Fig. 2 illustrates according to the synoptic diagram of the preferred embodiment of the present invention in a kind of one-dimensional data prefetch mode of data pre-fetching system support shown in Figure 1.F8 illustrates the location mode of one-dimensional data in storer among Fig. 2, and data cell is deposited in storer continuously.One-dimensional data shown in the F8 is by data cell E (1), E (2) ... form.F10 illustrates the Vector Groups S that is made up of data cell among the one-dimensional data F8 among Fig. 2.Vector Groups S is by n+1 vectorial R0, R1 ..., Rn forms.Vectorial R0 among the Vector Groups S is by the data cell E (1) among a the one-dimensional data F8, E (2), E (3),, E (a) forms, and any one vectorial Rx in the n+1 of the Vector Groups S vector (x represents more than or equal to the 0 any number less than n) is by E (m*x+1), E (m*x+2),, E (m*x+a) forms, m greater than 1 smaller or equal to 64.Processor need be provided with m among the Vector Groups S and the value of n, and the size of data cell F9 among the start address of one-dimensional data F8 and the one-dimensional data F8.Reading unit F6 writes in the register file of prefetch module F5 after obtaining data successively according to size and the address information of handling that sends desired data to storer that be provided with, and the maximal value of each data read is subjected to the bandwidth constraints of storer.The address information of data read increases progressively the start address of pointing to next data automatically according to being provided with.Writing module is written in the prefetch register the write sequence of register file reading of data successively then according to read module again.
Writing module enters waiting status after prefetch register is written into, and starts once more after processor carries out data read operation to this prefetch register, and writing module writes next data again.Writing module enters waiting status after finishing all write operations.Vector length among the Vector Groups S is subjected to register size restriction in the register file among the data pre-fetching module F5, the length of vector is smaller or equal to the length of register, if promptly among the data pre-fetching module F5 in the register file register be 128, then the vector among the Vector Groups S can not be above 128.
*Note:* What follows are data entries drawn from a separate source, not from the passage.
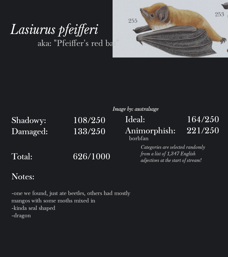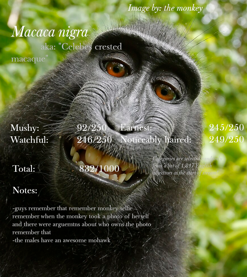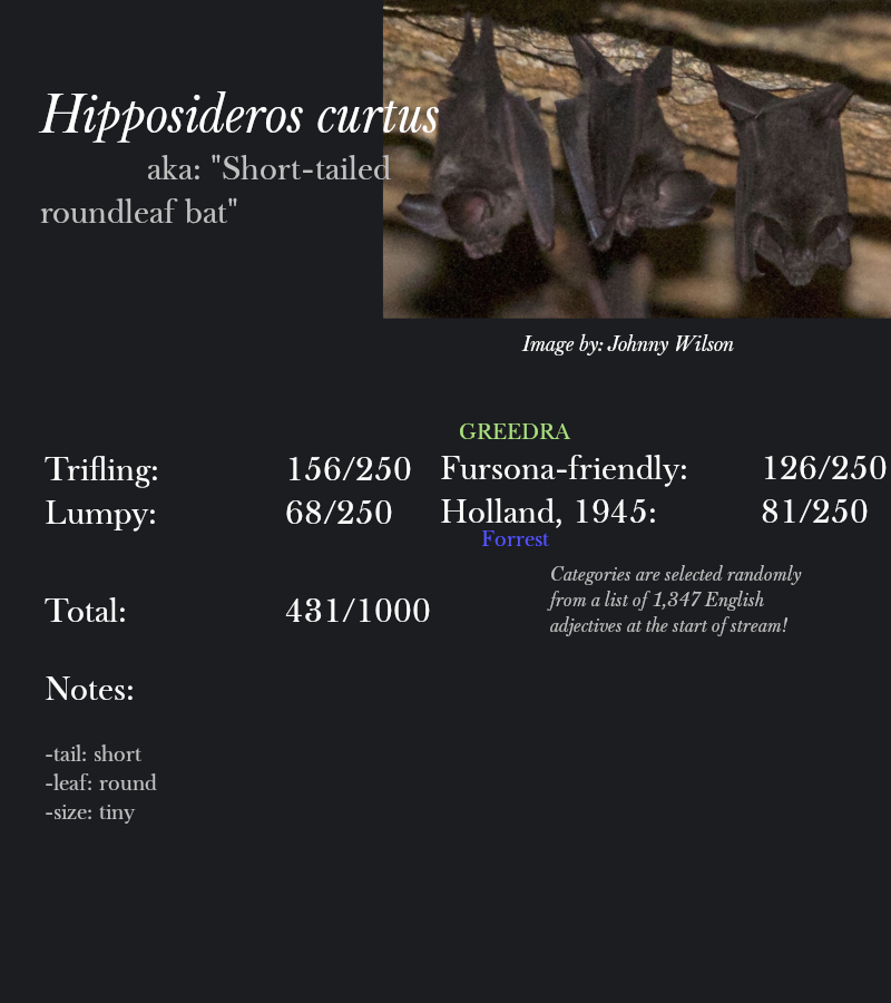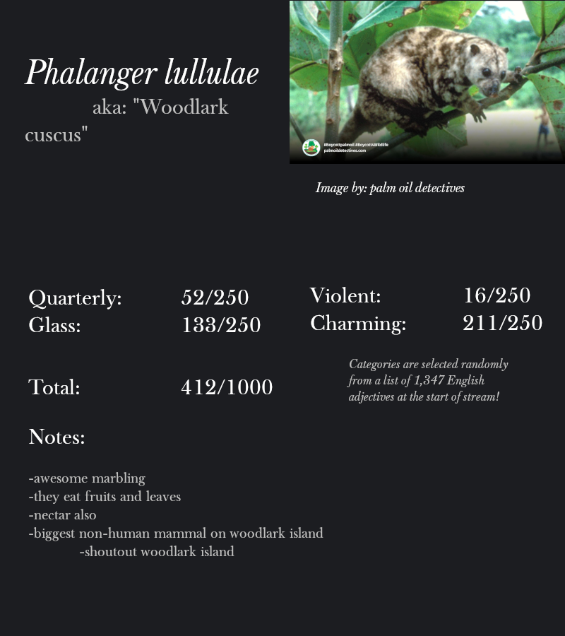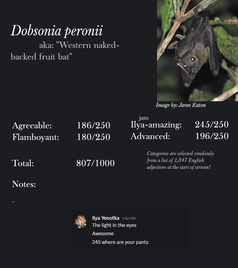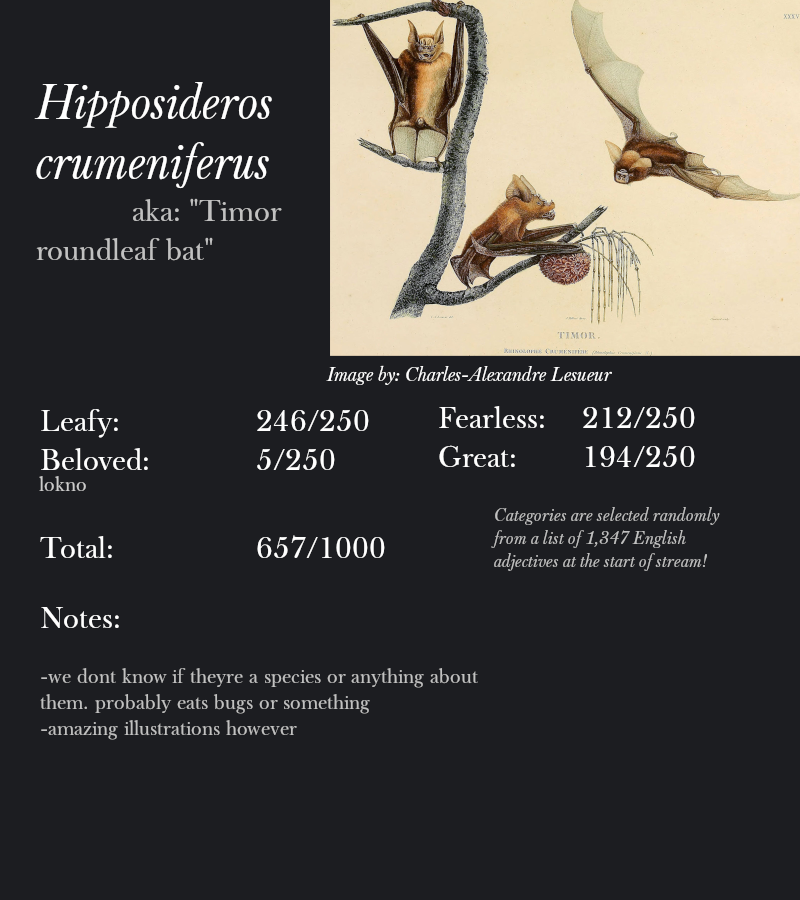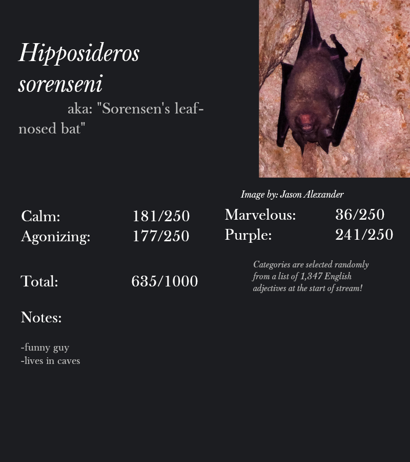 Categories are selected randomly from a list of 1,347 English adjectives at the start of stream! Shady: 183/250 Internal: 211/250 Image by: Julien Renoult Notes: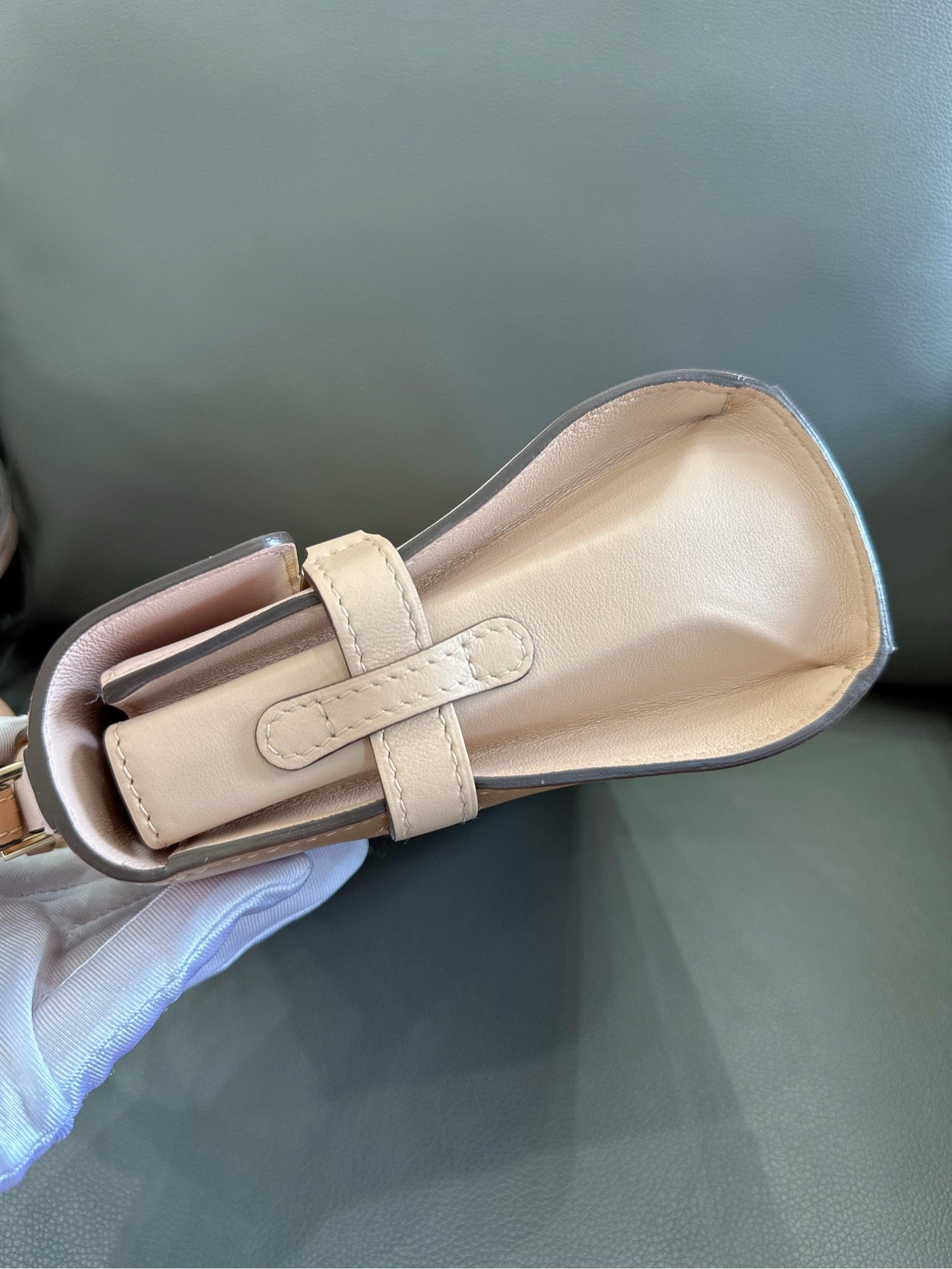 This Delvaux Tempête Mini handbag is in excellent, near-new condition. The two-tone leather exterior shows virtually no signs of wear, maintaining its pristine structure and soft feel. All hardware is bright and shiny with no visible scratches or tarnishing. The interior is immaculate and clean. The protective feet on the base are also in excellent condition, showing no scuffs. Overall, the bag appears to have been very gently used, if at all.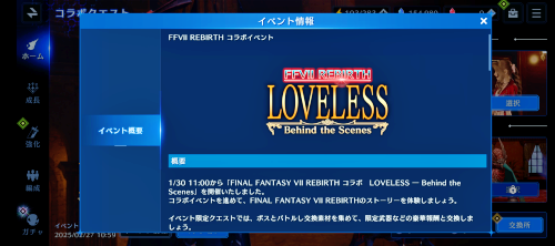 スマホゲームだけど きれいな画像で見せてくれる企画が時々ある今回はFF7 リバースのコラボLOVELESSの役者になるという感じでしょうか(知らないから)こういうとこでLOVELESS使うんだって思ってちょっとがっかりしてる私がいてるよあれはCCの中にだけでとどめてほしかったな悪役?にバレットとレッドレッドと戦うの嫌なんですけどねバレットはまぁいいでしょう髪の毛とんがってないクラウドに見えてしまった実際は逆立ってるね無印7やって CCやって もう一回無印見てみたらエアリスがあんまり好きでなくなってしまったんよねなんでだろティファはまぁナイスバディすぎて恥ずかしいって思っちゃった程度ですけど一緒に観ようって感じで演劇を見に行くはずが役者になって出演するってことか?なんやかんやでみんな練習して準備してるここで見ると役者の舞台裏って感じねお芝居は無事に始まって~(ケットシーかわいいよねぇそれぞれの役をこなして~(この衣装は実装されなかったこの衣装は実装されたバレットの服も実装された内容しらないからそうなん??って感じでスルーしてお話でしたみんなこの話に期待はしていないんよサブのサブというか全く関係ない話だから知りたいのはセフィロスの昔話なんだよーってことでイベント終了よく考えられてるけどパラレルワールドなので あんまり気にしてないかもしれない気にしない気にしないええんかいなと思いつつミッションだけこなしてます(*´∇`)ノシ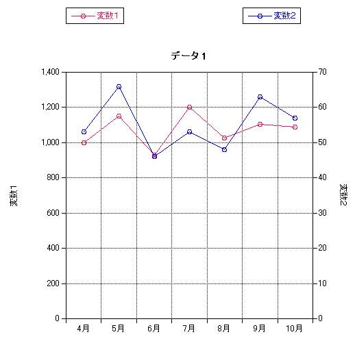 両方の変数の塗りを「ライン」に変更すると、以下のように単純な折れ線グラフになります。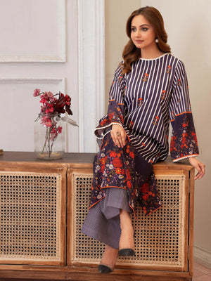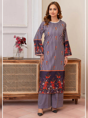 Zinia is a refined fusion of elegance and contemporary style, tailored from premium grip silk. Its vertical stripes lend a flattering, elongated silhouette, while vivid floral borders along the hem and sleeves infuse a delicate, feminine touch. Light and effortlessly comfortable, this ensemble is ideal for casual get-togethers or stylish everyday outings.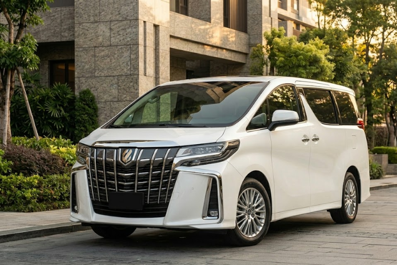 The exterior features a bold and stylish design with a large front grille, sleek LED headlights, and a strong road presence. Inside, the Alphard offers a luxury cabin with high-quality materials, comfortable seating, and advanced technology, making it ideal for long journeys and VIP transport.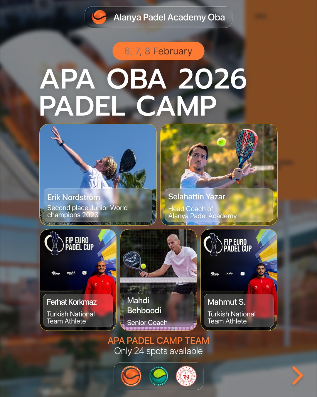 APA Oba Padel Kampı – 6, 7, 8 Şubat 2026 Alanya’da padel seviyenizi bir üst noktaya taşıyacak bu özel kampa katılın!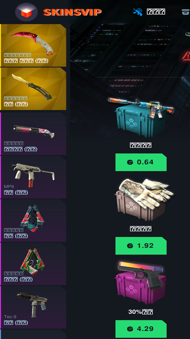 78%Join in SkinsVip.com. Hide. Skinsvip.com is a professional CSGO game prop upgrade · sales platform · Online CSGO game skin blind box, upgrade CS2 skins · knives hide · skins battle
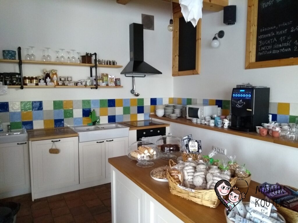 Jak už bylo zmíněno, na své si přijdou také rodiče. Při příchodu nám paní na recepci říkala, že si můžeme dát něco dobrého v kuchyňce. Po nějakém čase jsem tam proto vydali. A tohle jsme fakt nečekali. V kuchyni jsme našli kávovar s několika druhy kávy a čokoládou, bohatý výběr čajů, nealko nápoje, buchty, kremrole a různé další sladkosti. Kromě toho tu byly i zdravější pochutiny (raw tyčinky, různé džemy, sirupy, čatní a podobně).
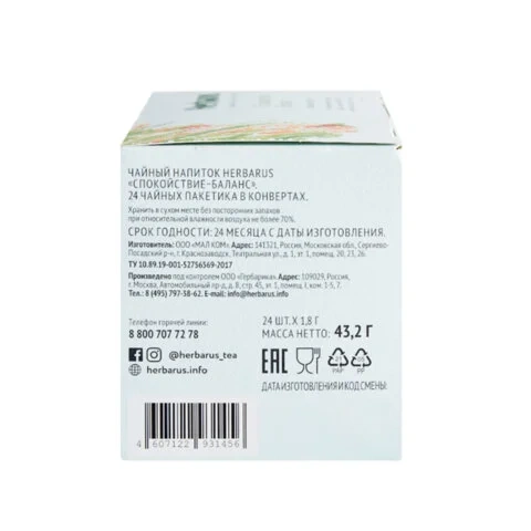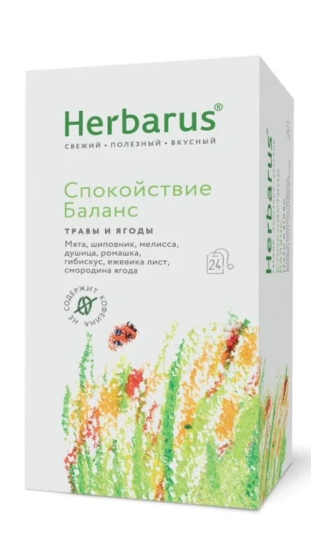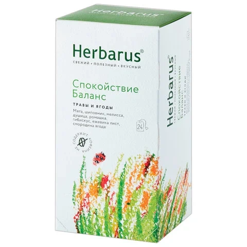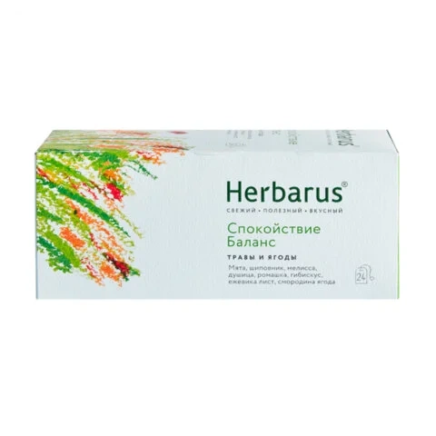 Чайный напиток ягодный травяной Herbarus Спокойствие баланс 24 пакетика. Чайный напиток Herbarus «Спокойствие Баланс» 24 пакетика по 1.8 грамма — это приятное пожелание на каждом ярлыке пакетика. Сочетается с цукатами, медом, корицей. Успокаивает нервную систему, нормализует сон, понижает давление, питает витаминами и микроэлементами. Можно пить в любое время дня. Прекрасен после напряженного дня.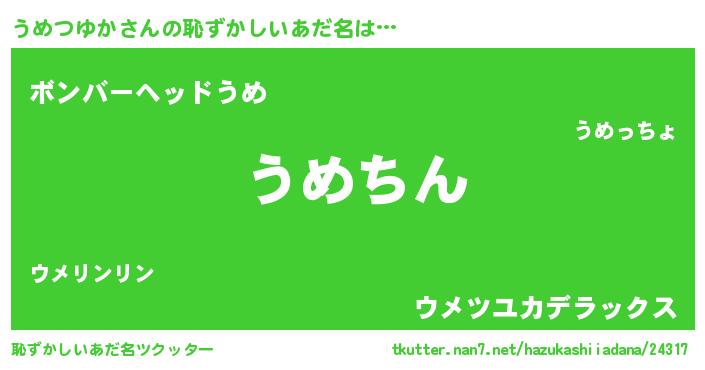 | 意味不明あだ名 | 『永久保存うめつゆか』『自称うめつゆか』 |

Vectorial R1 is read in the support of this pattern successively successively from the one-dimensional data of storer, R2 ..., Rn.And successively R1, R2 ..., Rn is written in the prefetch register, makes processor obtain R1 successively by the visit to prefetch register, R2 ..., Rn.
Fig. 3 illustrates according to the synoptic diagram of the preferred embodiment of the present invention in a kind of 2-D data prefetch mode of data pre-fetching system support shown in Figure 1.F11 illustrates the location mode of 2-D data in storer among Fig. 3, and data cell is deposited in storer continuously, and 2-D data is made of the capable j row of an i data unit F 12.F12 illustrates data cell E (1,1), E (1,2) ..., (i j) forms 2-D data F11 to E.F13 illustrates the capable Vector Groups V that is made up of data cell among the 2-D data F11 among Fig. 2.Go Vector Groups V by n vectorial V1, V2 ..., Vn forms.Any one vectorial Vx (x represents more than or equal to the 1 any number smaller or equal to n) in n the vector of row Vector Groups V is by E (x, 1), E (x, 2) ..., (x a) forms E.Processor need be provided with among the capable Vector Groups V number n of the big or small a and the vector of vector, and address and the E (i of E (1,1) among the 2-D data F11, j) size of j in, and the data type of data cell F12 among the 2-D data F11, data type refers to character type, short, integer data etc.At first reading unit F6 is according to the setting of processor E (1 from storer successively, 1) address begins to read vectorial V1 and writes data in the register file of F5, calculate the size according to j then, calculating next time, the start address of data read is the address of E (2,1).The start address of the data read start address that equals this data read adds j next time.Writing module is being written in the prefetch register the write sequence of register file reading of data successively then according to read module.After prefetch register is written into, enter waiting status, after processor carries out data read operation to this prefetch register, start once more, write next data.Writing module enters waiting status after finishing all write operations.
Vectorial V1 is read in the support of this pattern successively successively from the 2-D data of storer, V2 ..., Vn.And successively V1, V2 ..., Vn is written among the prefetch register F1, makes processor obtain vectorial V1 successively by the visit to prefetch register F1, V2 ..., Vn.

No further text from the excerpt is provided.